The story, however, doesn’t stop there. A small, strange incident toward the end of the parshah reveals a yet deeper dimension of faith. The Torah describes how “they” – we never learn who it was, exactly – found a man out collecting firewood on Shabbat, in violation of the prohibition against labor. They bring him to Moses who, not knowing what to do, turns to God for guidance.[2] The commentaries offer a variety of theories as to why Moses needed divine guidance; the predominant theory is that while Moses knew that work was forbidden on Shabbat, he did not know how it was to be punished. Strangely, however, very few commentaries seem interested in why this person was out gathering firewood in the first place. Surely he knew what he was doing – otherwise he wouldn’t have been liable. Why would a person deliberately break Shabbat, in such a public way, knowing that it would bring dire penalties?

One daring midrash suggests that, in fact, the stick-gatherer knew exactly what he was doing when he violated Shabbat – and he did it for the sake of Heaven. After the incident of the spies, when God decreed that the wilderness generation would die out before the Israelites could go into the land, the people came to believe that their covenant with God, the brit, had been broken. As a consequence, they were no longer obligated in the mitzvot; perhaps they would still apply to their children in the land of Israel, but not to those who were to die in the wilderness. Against this viewpoint, the stick-gatherer went and did what he did so that when he was eventually executed, everyone else would see and understand that the brit and the mitzvot remained in full effect despite the spies’ sin.[3]

Here we find yet another manifestation of faith, faith that the relationship is strong enough to withstand difficult moments and even deep betrayal. I once heard the poet David Whyte say, “All long friendships are based upon mutual forgiveness.” The stick-gatherer insisted that the Israelites could carry on after the sin, even though they would never be able to fully recover. They would, indeed, die in the wilderness; but that didn’t need to be the end of their relationship with God. Their children will still go forward; the covenant will continue. Parashat Shlakh reminds us that our most important relationships are stronger than any one thing we might do wrong.
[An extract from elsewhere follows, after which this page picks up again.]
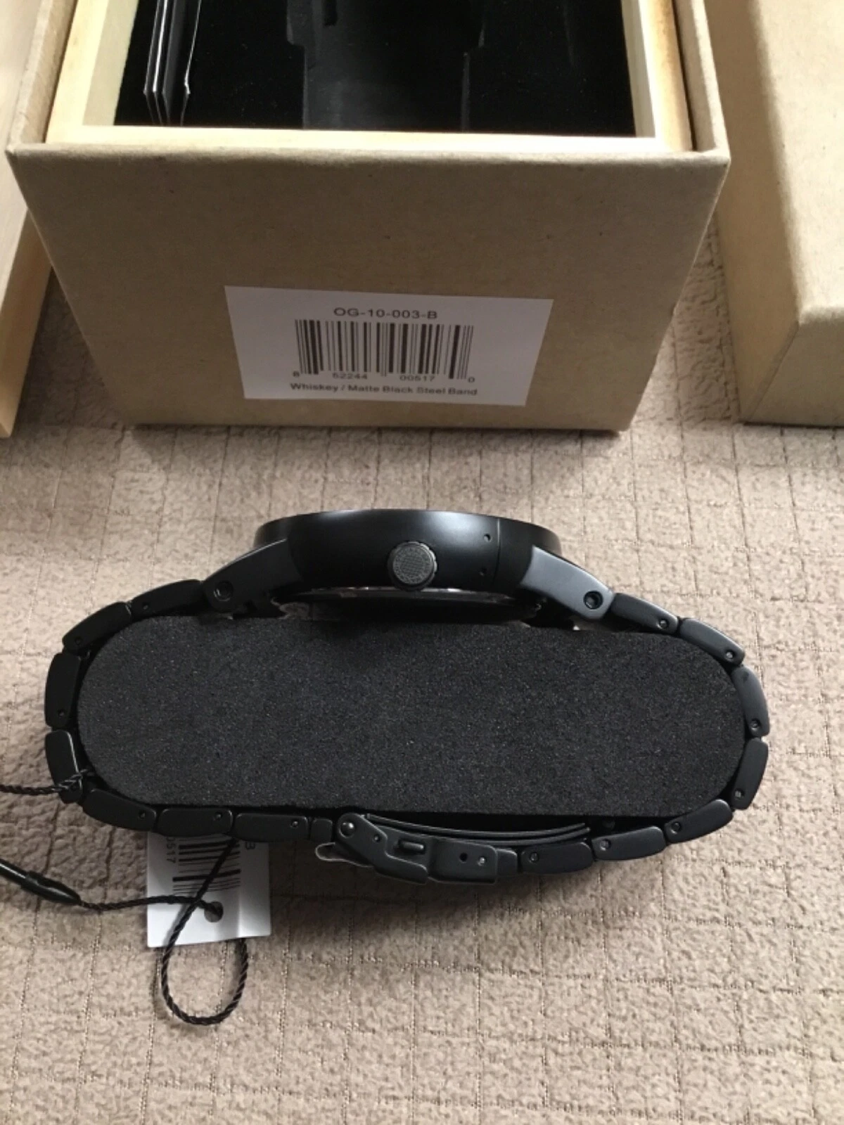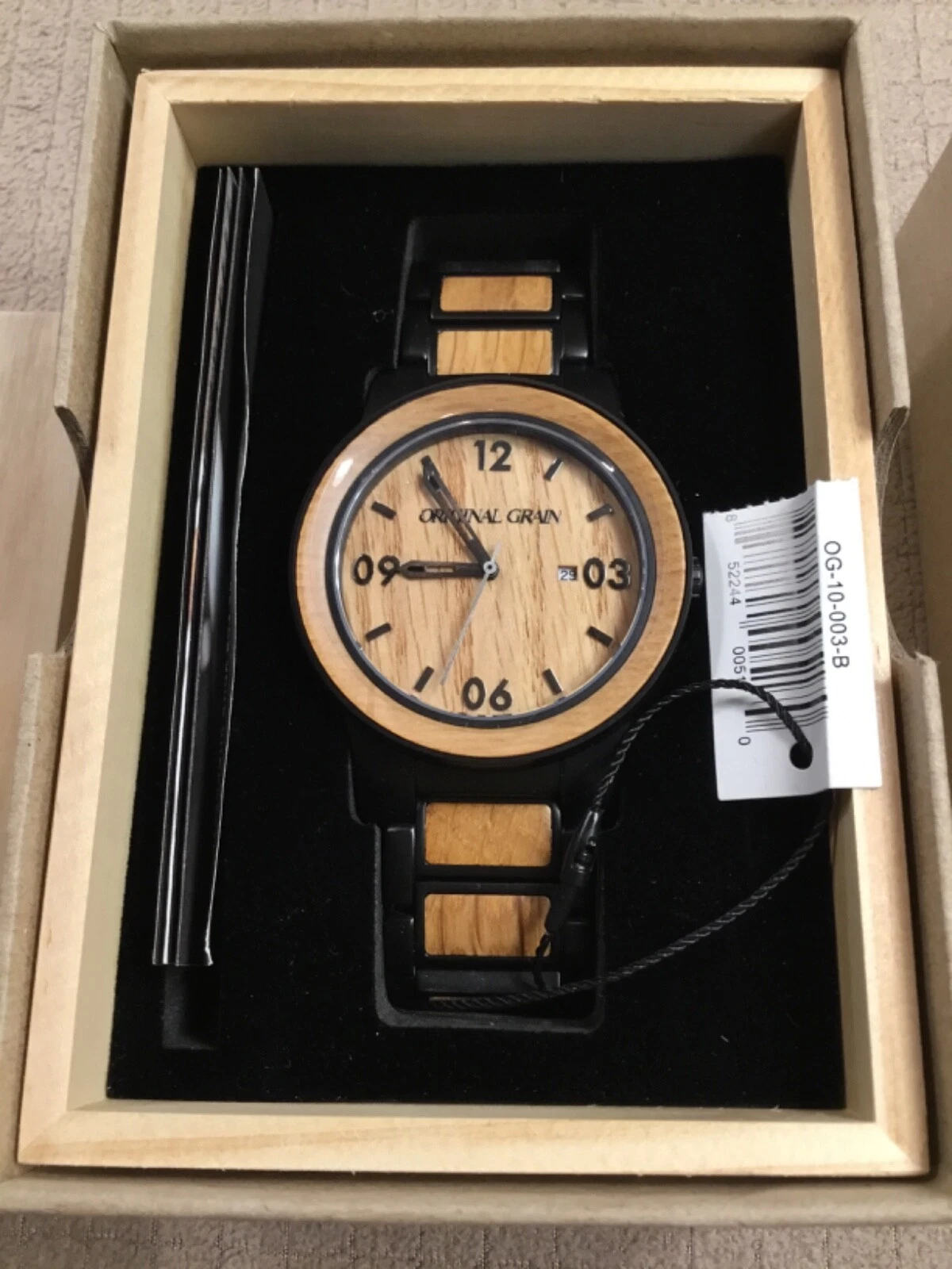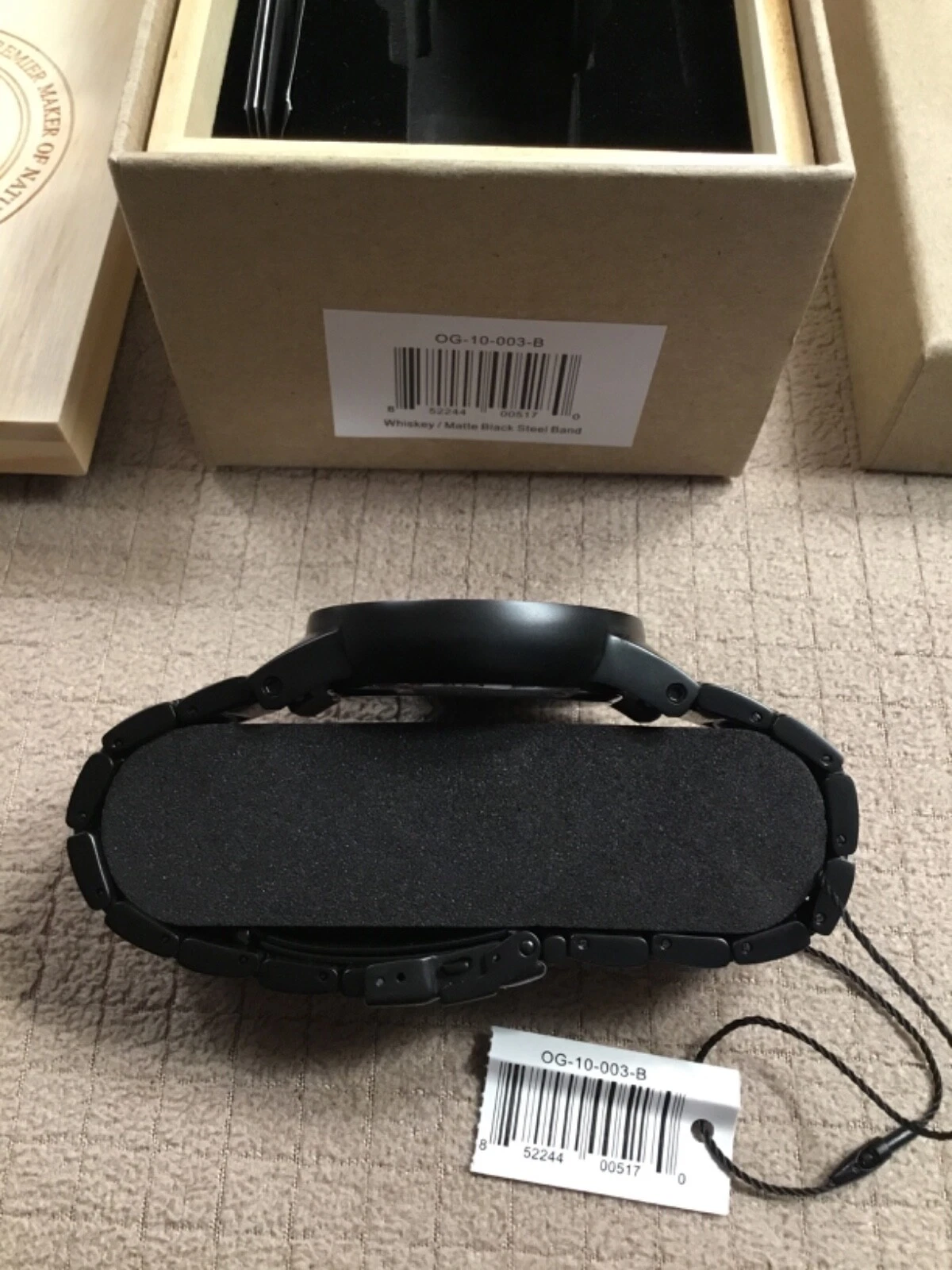 Original Grain 47mm Matte Black Steel & Reclaimed Whiskey Barrel Men's Watch

This morning’s Torah portion challenges us to cultivate three different kinds of faith. First, faith in God’s presence to support and guide us through life’s difficult passages. Beyond that basic faith, we should strive toward the examples set by Joshua and Caleb, to have deep and abiding faith in ourselves; to see ourselves as giants, not grasshoppers. Finally, the parshah underscores the strength of our most important relationships. We won’t always get things right; sometimes, like the spies, we will make quite grave errors. But in the end, the brit survives even this conflict; the relationship can continue past the disappointment. The future remains open.


[1] Num. 13:33.

[2] Num. 15:32-36.

[3] Tosafot, Bava Batra 119b s.v. “Even the youngest.”